O movimento dos alimentos e líquidos da faringe ao estômago requer peristaltismo esofágico efetivo e relaxamento transitório do esfíncter esofágico inferior. A alteração da motilidade esofágica está associada a múltiplas causas de distúrbios alimentares em lactentes, incluindo afecções neurológicas e neuromusculares, atraso no desenvolvimento e gastrosquise.

Afecções gastrointestinais podem causar náuseas ou desconforto durante a alimentação, contribuindo para o desenvolvimento de distúrbios alimentares.

Em muitos casos, a causa do distúrbio alimentar é multifatorial. Por exemplo, lactentes prematuros têm dificuldade com a coordenação neurológica da deglutição e têm um trato digestivo imaturo, com atividade de lactase reduzida, o que diminui a absorção de nutrientes dos alimentos.

Questões comportamentais como recusa alimentar foram vinculados à aversão oral atribuída a estímulos desagradáveis dos tubos orogástricos e tubos endotraqueais que passam pela boca.[3]

Classificação

Foi proposto um termo diagnóstico unificado de "distúrbios alimentares pediátricos", utilizando a estrutura de classificação internacional de funcionalidade, incapacidade e saúde da Organização Mundial da Saúde.[1] Essa classificação descreve o efeito de um distúrbio alimentar nas funcionalidades da criança, unificando capacidades clínicas, nutricionais e alimentares, e as questões psicossociais associadas ao distúrbio, justificando a avaliação da doença subjacente e das limitações funcionais para orientar sobre os planos de cuidados ideal.

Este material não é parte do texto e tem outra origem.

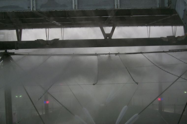 Installations of Studio Teddy Cruz Sand diego (installation at ArchiLab04)L'architettura muta continuamente è letteralmente strutturalmente una nuovala di informazione prende i dati dell'ambiente circostante e li trasforma li metabolizza in tempo reale, l'acqua si vaporzizza assume uno stato gassoso l'informazione è entrata strutturalmente nelle fibre di oggi e ne fanno quadro presenza rilanciandole nel domani

Anteriormente, problemas clínicos, cirúrgicos e nutricionais que causam distúrbios alimentares tinham sido classificados como orgânicos, enquanto os problemas comportamentais e psicológicos tinham sido denominados de não orgânicos.[3] Entretanto, muitos autores criticam essa classificação como muito simplista. A maioria dos distúrbios alimentares é multifatorial por natureza, e os sintomas clínicos são semelhantes em ambos os grupos.[5][6] Além disso, essa classificação não auxilia o diagnóstico nem o manejo, pois muitos distúrbios exigirão o apoio de uma equipe multidisciplinar para o alcance de resultados ideais.